Тогда стражник вытащил другую бумагу и прочитал, что при поступлении в веселый дом она сказалась найденышем из Иниссы и что в одной из этих бумаг она обманула государство, что карается судом и плетью.
– Впрочем, – заявил стражник, – если ты отдашь нам сорок ишевиков, полученных за мальчишку, обещаю не давать этому делу ход.
– Но у меня нет сорока ишевиков, – заплакала Тася, – мне заплатили только одиннадцать, и три из них я уже потратила на сережки и юбку!
– Докажи!
Тася, плача, достала бумагу о ссуде.
– Здесь написано – пятнадцать ишевиков, – заявил десятник, с довольной улыбкой пряча бумагу.
Тут только Тася сообразила, что бумагу стражникам нельзя было давать ни в коем случае, потому что она была единственным доказательством преступления!
– Но мне на руки выдали только одиннадцать, – запричитала Тася. – Четыре лишних ишевика записали в счет процентов!

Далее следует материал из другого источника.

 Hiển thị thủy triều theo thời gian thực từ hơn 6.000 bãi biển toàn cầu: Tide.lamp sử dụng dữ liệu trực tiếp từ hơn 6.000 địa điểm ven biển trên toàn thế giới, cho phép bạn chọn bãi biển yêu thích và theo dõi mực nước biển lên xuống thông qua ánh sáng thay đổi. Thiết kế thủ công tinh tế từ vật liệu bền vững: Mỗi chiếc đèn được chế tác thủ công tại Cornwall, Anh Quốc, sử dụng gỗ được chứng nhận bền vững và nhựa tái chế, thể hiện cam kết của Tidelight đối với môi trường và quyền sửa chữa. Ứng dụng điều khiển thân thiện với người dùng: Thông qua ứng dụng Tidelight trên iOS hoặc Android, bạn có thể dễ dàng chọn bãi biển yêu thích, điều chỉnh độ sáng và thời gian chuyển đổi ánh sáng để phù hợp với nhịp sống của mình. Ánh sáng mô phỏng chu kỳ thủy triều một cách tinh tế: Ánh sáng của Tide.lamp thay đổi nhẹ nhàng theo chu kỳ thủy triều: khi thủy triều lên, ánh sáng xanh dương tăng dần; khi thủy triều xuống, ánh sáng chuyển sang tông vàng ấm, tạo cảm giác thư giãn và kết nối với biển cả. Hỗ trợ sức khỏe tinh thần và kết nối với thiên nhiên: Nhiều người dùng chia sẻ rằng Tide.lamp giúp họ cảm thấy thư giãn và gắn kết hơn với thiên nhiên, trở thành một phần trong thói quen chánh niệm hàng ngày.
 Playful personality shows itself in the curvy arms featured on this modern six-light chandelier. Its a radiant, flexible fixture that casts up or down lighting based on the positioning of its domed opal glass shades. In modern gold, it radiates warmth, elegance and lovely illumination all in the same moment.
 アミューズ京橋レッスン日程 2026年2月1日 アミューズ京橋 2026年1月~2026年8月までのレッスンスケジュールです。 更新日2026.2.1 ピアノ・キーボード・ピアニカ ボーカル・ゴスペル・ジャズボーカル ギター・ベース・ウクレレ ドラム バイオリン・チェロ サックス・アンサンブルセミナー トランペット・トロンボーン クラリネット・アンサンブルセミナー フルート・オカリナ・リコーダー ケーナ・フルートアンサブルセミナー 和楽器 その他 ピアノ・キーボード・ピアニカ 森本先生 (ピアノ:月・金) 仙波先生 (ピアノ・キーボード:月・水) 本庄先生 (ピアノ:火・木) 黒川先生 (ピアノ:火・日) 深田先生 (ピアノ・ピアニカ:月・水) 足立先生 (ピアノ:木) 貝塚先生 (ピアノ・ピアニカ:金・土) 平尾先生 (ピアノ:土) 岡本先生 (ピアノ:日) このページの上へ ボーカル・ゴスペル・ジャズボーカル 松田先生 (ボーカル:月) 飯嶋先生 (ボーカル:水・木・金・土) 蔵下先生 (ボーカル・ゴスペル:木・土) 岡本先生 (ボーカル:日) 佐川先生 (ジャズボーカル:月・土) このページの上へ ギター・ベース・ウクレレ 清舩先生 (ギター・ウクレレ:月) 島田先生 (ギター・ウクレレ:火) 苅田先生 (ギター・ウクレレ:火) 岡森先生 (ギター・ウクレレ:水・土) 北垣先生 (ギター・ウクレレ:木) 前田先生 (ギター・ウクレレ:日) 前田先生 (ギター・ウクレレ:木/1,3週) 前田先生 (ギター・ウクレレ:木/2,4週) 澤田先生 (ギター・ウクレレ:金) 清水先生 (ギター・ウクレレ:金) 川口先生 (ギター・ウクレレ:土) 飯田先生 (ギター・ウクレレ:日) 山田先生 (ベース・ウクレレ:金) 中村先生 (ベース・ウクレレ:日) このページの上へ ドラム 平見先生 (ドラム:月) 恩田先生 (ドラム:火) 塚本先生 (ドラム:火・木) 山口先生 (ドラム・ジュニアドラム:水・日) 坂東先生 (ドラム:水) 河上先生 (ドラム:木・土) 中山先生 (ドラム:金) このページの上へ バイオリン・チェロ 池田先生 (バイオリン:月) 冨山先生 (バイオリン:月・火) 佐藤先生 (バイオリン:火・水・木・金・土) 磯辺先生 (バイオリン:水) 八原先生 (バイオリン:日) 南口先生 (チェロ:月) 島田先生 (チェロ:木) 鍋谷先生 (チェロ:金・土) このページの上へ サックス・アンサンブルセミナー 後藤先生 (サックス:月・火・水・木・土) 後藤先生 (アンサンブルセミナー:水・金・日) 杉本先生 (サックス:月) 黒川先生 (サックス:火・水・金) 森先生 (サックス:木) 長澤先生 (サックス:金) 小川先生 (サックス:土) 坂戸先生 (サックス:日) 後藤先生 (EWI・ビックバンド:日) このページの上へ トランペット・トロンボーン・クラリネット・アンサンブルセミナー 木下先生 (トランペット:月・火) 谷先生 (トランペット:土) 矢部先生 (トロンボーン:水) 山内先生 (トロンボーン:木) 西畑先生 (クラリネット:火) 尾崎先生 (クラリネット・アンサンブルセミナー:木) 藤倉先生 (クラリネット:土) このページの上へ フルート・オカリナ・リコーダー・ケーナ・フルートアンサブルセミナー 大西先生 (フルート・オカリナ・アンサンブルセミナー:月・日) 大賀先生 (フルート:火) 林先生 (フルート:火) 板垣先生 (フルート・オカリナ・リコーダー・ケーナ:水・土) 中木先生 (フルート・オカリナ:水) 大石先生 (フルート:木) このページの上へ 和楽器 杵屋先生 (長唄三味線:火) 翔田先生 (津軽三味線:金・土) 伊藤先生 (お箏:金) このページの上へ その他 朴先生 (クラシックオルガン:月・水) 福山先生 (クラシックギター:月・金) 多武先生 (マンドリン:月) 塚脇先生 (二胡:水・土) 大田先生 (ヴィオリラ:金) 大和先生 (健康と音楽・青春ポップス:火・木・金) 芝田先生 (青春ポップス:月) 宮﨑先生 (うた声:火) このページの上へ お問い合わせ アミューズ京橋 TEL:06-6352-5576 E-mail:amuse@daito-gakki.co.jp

Стражник надулся от негодования.
– Ты, гулящая девка! – загремел он, – или ты хочешь сказать, что императорский наставник Андарз занимается ростовщичеством? А ну подавай сюда живо пятнадцать ишевиков!

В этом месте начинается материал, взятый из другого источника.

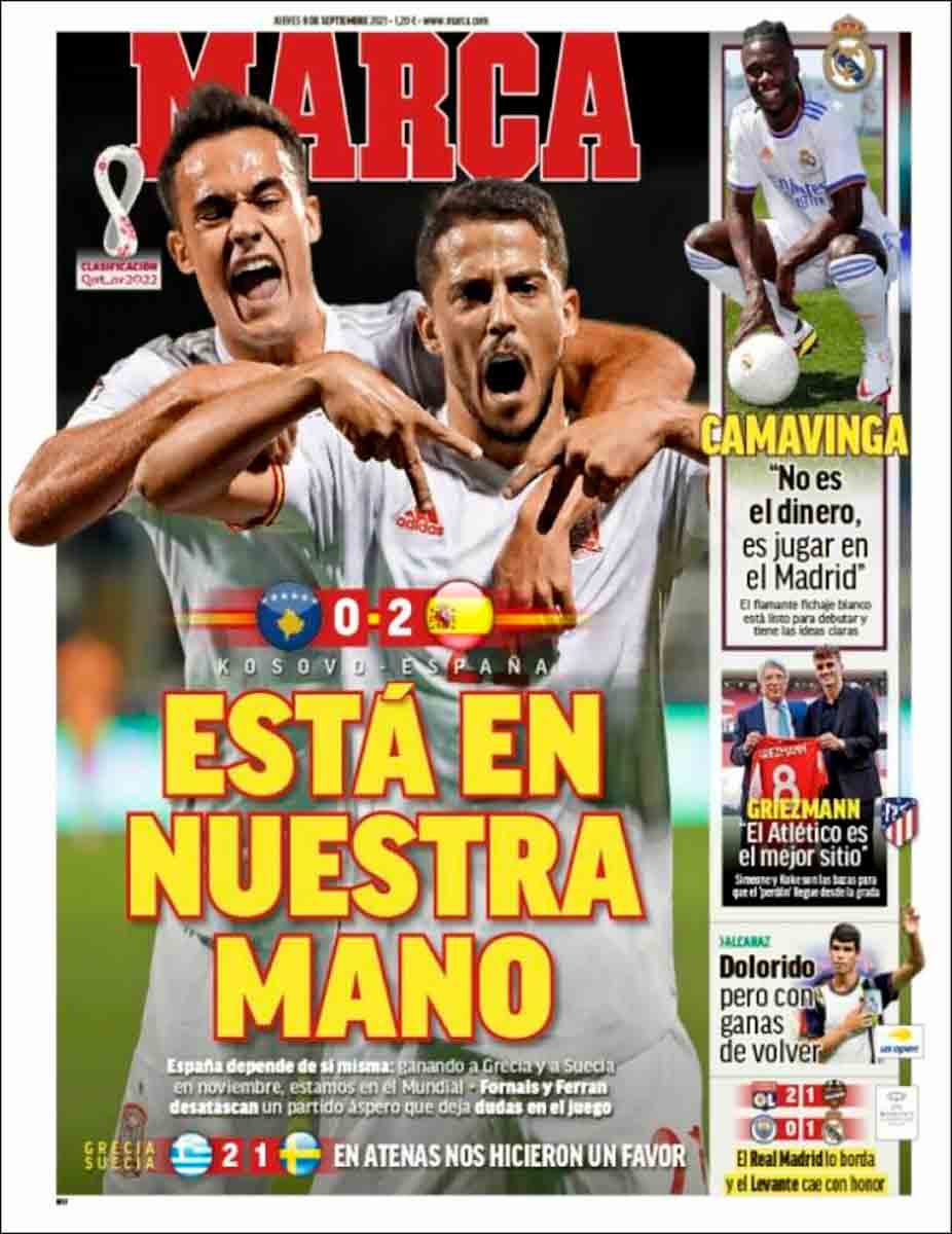 Pero para lo que sí tiene espacio de sobra Marca es para la selección masculina de fútbol, que como bien sabéis, se haya inmersa en plena fase de clasificación para disputar el Mundial de Catar de 2022, ese mundial erigido sobre la muerte de 6500 esclavos.

Тася упала на колени и стала биться о пол головой, а другой стражник содрал с нее юбку и сказал:
– Ладно, один ишевик можно взять натурой.
Через час «парчовые куртки» ушли, забрав долговую бумагу, и они сказали Тасе, что через два дня придут за оставшимися четырнадцатью ишевиками, и что если она не достанет этих ишевиков хоть у Бужвы из задницы, пусть пеняет на себя.

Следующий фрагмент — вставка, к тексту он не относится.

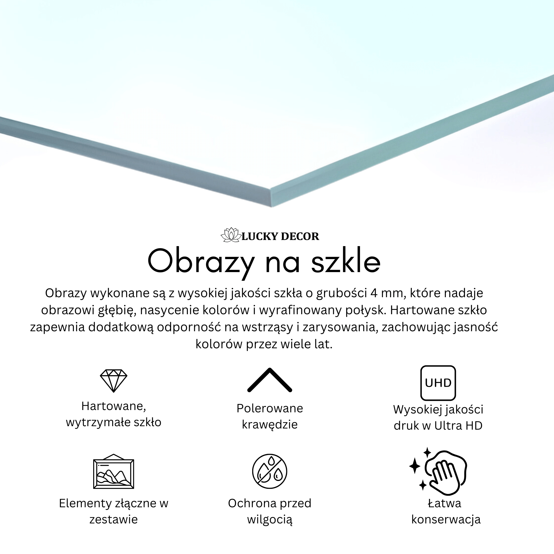 Obrazy na szkle powstają z hartowanego szkła o wysokiej trwałości, na które nanoszony jest nadruk w jakości HD. Dzięki temu mają nowoczesny wygląd i są odporne na uszkodzenia.
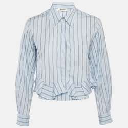 Sandro Blue Striped Cotton Ruffled hem Cropped Shirt S
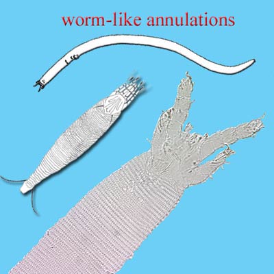 divisions of the plates are called scissures, and 1–2 are commonly present in certain kinds of oribatid mites (e.g., Enarthronotides); many Mesostigmata have divided dorsal shields. If several separate plates are present, the mites may seem to be segmented; however, true segmental folds are present only in some Endeostigmata. In contrast, the important plant-parasites in the Eriophyoidea have worm-like bodies with a series of annulations, a condition also found in others in the Endeostigmata.
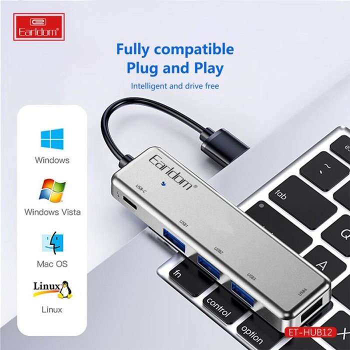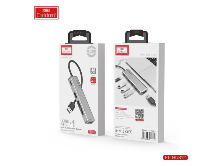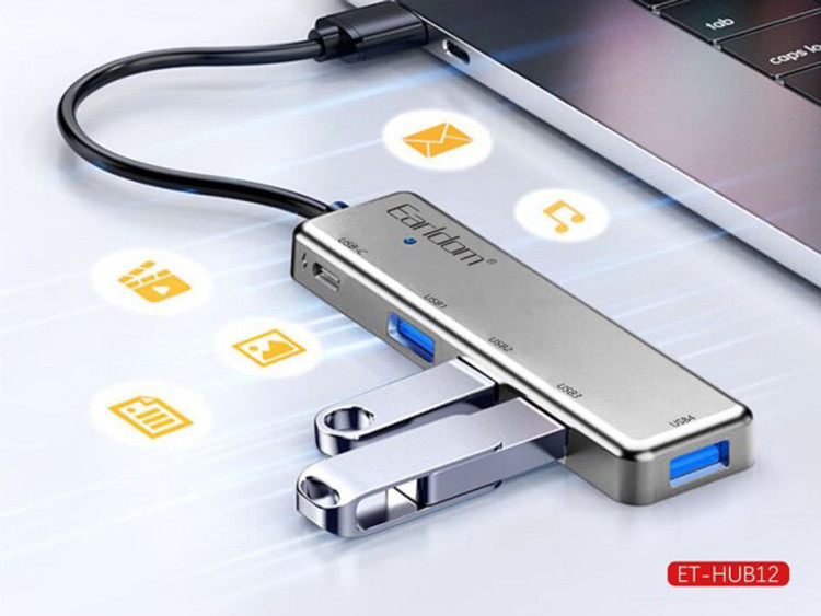 استفاده از هاب بهترین روش افزایش توانایی اتصال لپ تاپ و کامپیوترهای رومیزی است که از محدودیت تعداد درگاه در رنج هستند. این دستگاه در انواع مختلفی تولید و به بازار عرضه شده؛ اما چیزی که بین همه مشترک است توانایی افزایش دسترسی با توجه به اشغال یک پورت محدود ورودی از طریق افزایش تعداد آنهاست. هاب Earldom ET-HUB12 قادر است یک درگاه USB-A را به 4 درگاه یو اس بی نسخه 2.0 و یک درگاه USB-C ارتقاء دهد.
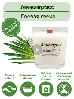 Натуральная аромасвеча Лемонграсс для ванной и удовольствия
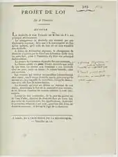 Однако при обсуждении законопроекта о правопорядке и реформе гражданских законов и о разработке Гражданского кодекса депутаты Учредительного собрания пришли к выводу, что вопрос о кодификации следует оставить Законодательному собранию, образование которого было предусмотрено Конституцией. Они исходили из того, что при сложившихся обстоятельствах необходимо сначала полностью переработать всё гражданское законодательство, чем и должен был заняться будущий законодательный орган. В результате последовавших прений депутаты утвердили лишь принципиальные положения о реформе права и о кодификации, оставив вопрос о сроках и порядке подготовки проекта Гражданского кодекса открытым. Начавшее работу 1 октября 1791 года Законодательное собрание уже в конце 1791 года прямо обратилось к гражданам с просьбой направлять свои предложения о разработке Гражданского кодекса. Тем не менее этому законодательному органу так и не удалось дойти до вопроса кодификации гражданского права, поскольку уже через год, 21 сентября 1792 года, он уступил место Национальному конвенту[34].

Тася забилась в подушку и горько-горько зарыдала: и так ее утром и нашел Шаваш, который принес ей жареную утку с кухни Андарза.
* * *
В утренний час Треножника Шаваш вышел от Таси и, пройдя два квартала, спустился в кабачок, именуемый «Золотой Кукиш». Это был кабачок в плохой части города, но достойный и тихий. Вот уже месяц в нем никого не убивали.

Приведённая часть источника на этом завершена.